Learning Code Change Semantics for Patch Correctness Assessment in Program Repair

State-of-the-art APR techniques currently produce patches that are manually evaluated as overfitting, and these overfitting patches often worsen the original program, leading to negative effects such as introducing security vulnerabilities and removing useful features. This obstructs the development of APR techniques that rely on feedback from correctly generated patches, and the expense of developers’ manual debugging has shifted to evaluating patch correctness. Automated assessment of patch correctness has the potential to reduce patch validation costs and accelerate the identification of practically correct patches, making it easier for developers to adopt APR techniques. While the proposed approaches have been demonstrated to be effective in the literature, several challenges remain unexplored and warrant further investigation.

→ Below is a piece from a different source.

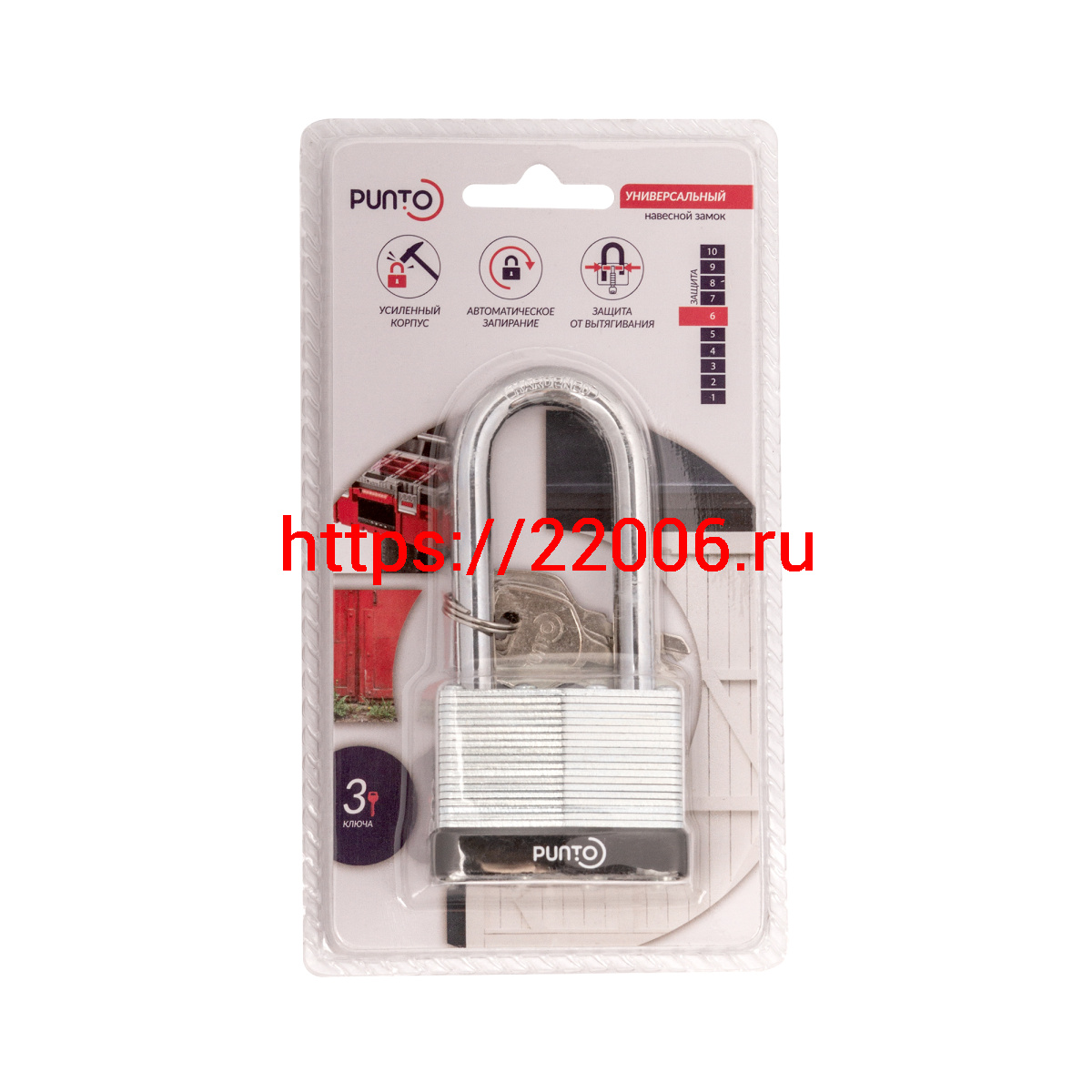 - Замок Punto (Пунто) навесной PK-6550L 3 key англ. длиная дужка в Сочи недорого

This thesis begins with an empirical analysis of a prevalent hypothesis concerning patch correctness, leading to the establishment of a patch correctness prediction framework based on representation learning. Second, we propose to validate correct patches by proposing a novel heuristic on the relationship between patches and their associated failing test cases. Lastly, we present a novel perspective to assess patch correctness with natural language processing. Our contributions to the research field through this thesis are as follows: 1) assessing the feasibility of utilizing advancements in deep representation learning to generate patch embeddings suitable for reasoning about correctness. Consequently, we establish Leopard, a supervised learning- based patch correctness prediction framework. 2) comparing code embeddings and engineered features for patch correctness prediction, and investigating their combination in Panther (an upgraded version of Leopard) for more accurate classification. Additionally, we use the SHAP explainability model to reveal the essential aspects of patch correctness by interpreting underlying causes of prediction performance across features and classifiers. 3) presenting and validating a key hypothesis: when different programs fail to pass similar test cases, it is likely that these programs require similar code changes. Based on this heuristic, we propose BATS, an approach predicting patch correctness by statically comparing generated patches against previous correct patches failing on similar tests. 4) proposing a novel perspective to patch correctness assessment: a correct patch implements changes that answer to the issue caused by the buggy behavior. By leveraging bug reports to offer an explicit description of the bug, we build Quatrain, a supervised learning approach that utilizes a deep NLP model to predict the relevance between a bug report and a patch description.